As for performance, mirroring is definitely the way to go if you’re concerned about throughput. Over a 100 megabit network, this array gives perfect performance:

MWSnap029

Pros:

  • Excellent Redundancy
  • Excellent Performance
  • Still fairly simple
  • Can upgrade the array mirror at a time
  • Can roll back to dynamic array at any time by detaching mirrors and adding them to the pool

Cons:

  • Very expensive

Conclusion:
Great mix of redundancy and flexibility, but not for the faint of wallet.

Scenario 3: RaidZ1 (RAID5)

A Z1 array is essentially a RAID5 array, but much, much sexier. Why? Because it has a Z in front of it!

Seriously, though, the RAIDZ array sits pretty much half way between naked disks and mirrored disks, providing n-1 redundancy so that while you’re secure, you can still have a good amount of storage without breaking the bank. Let’s go ahead and set one up.

root@Zues:/zdev# zpool create z1 raidz /zdev/raidz1_1a /zdev/raidz1_1b /zdev/raidz1_1c /zdev/raidz1_1d
root@Zues:/zdev# zpool status z1
pool: z1
state: ONLINE
scrub: none requested
config:

NAME STATE READ WRITE CKSUM
z1 ONLINE 0 0 0
raidz1 ONLINE 0 0 0
/zdev/raidz1_1a ONLINE 0 0 0
/zdev/raidz1_1b ONLINE 0 0 0
/zdev/raidz1_1c ONLINE 0 0 0
/zdev/raidz1_1d ONLINE 0 0 0

errors: No known data errors

So now that the RaidZ array has been created (note that the vdev specifies that it’s raidz1), let’s look at how much space we’ve actually got to play with.

root@Zues:/zdev# zfs list z1
NAME USED AVAIL REFER MOUNTPOINT
z1 96.5K 2.92G 31.4K /z1

Remember, n-1 spacing means that even though we’ve got 4Gb of disks, we only get 3Gb of space, and then 1/64th of that space is reserved by ZFS.

Now let’s say it’s a year down the track, we’ve mostly filled our array with files, and we want to replace these disks with larger ones. First, you’ll have to make sure that the “Expand” option is enabled on the array, otherwise it won’t automatically grow when we add the new disks.
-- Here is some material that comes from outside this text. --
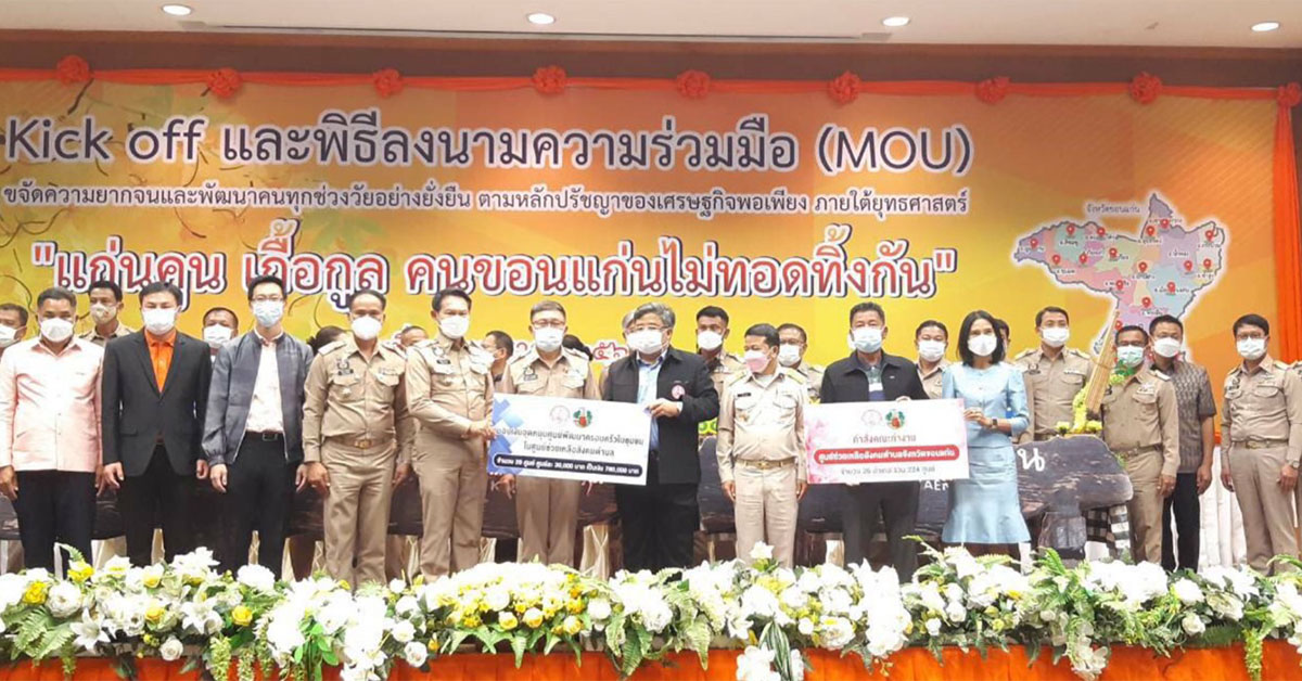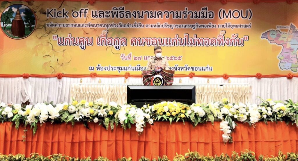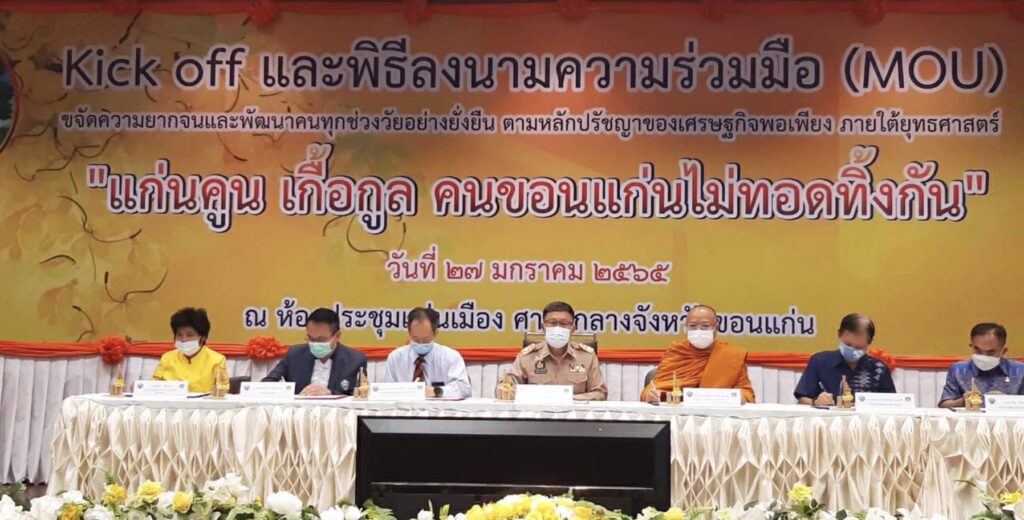 ขอนแก่น 27 ม.ค.- ผู้ว่าฯ ขอนแก่น เป็นประธาน Kick Off ลงนามประสานความร่วมมือ (MOU) ขจัดความยากจนและพัฒนาคนทุกช่วงวัยอย่างยั่งยืน ตามหลักปรัชญาเศรษฐกิจพอเพียง ภายใต้ยุทธศาสตร์ “แก่นคูน เกื้อกูล คนขอนแก่นไม่ทอดทิ้งกัน” บูรณาการขับเคลื่อนศูนย์ช่วยเหลือสังคมตำบลในทุกๆ ด้านให้กับ 360 ครอบครัว มีชีวิตและความเป็นอยู่ที่ดีขึ้น

root@Zues:/zdev# zpool get expand z1
NAME PROPERTY VALUE SOURCE
z1 autoexpand off default
root@Zues:/zdev# zpool set expand=on z1
root@Zues:/zdev# zpool get expand z1
NAME PROPERTY VALUE SOURCE
z1 autoexpand on local

Excellent. Now we can go ahead and replace out our disks with the new 2Gb models we just bought.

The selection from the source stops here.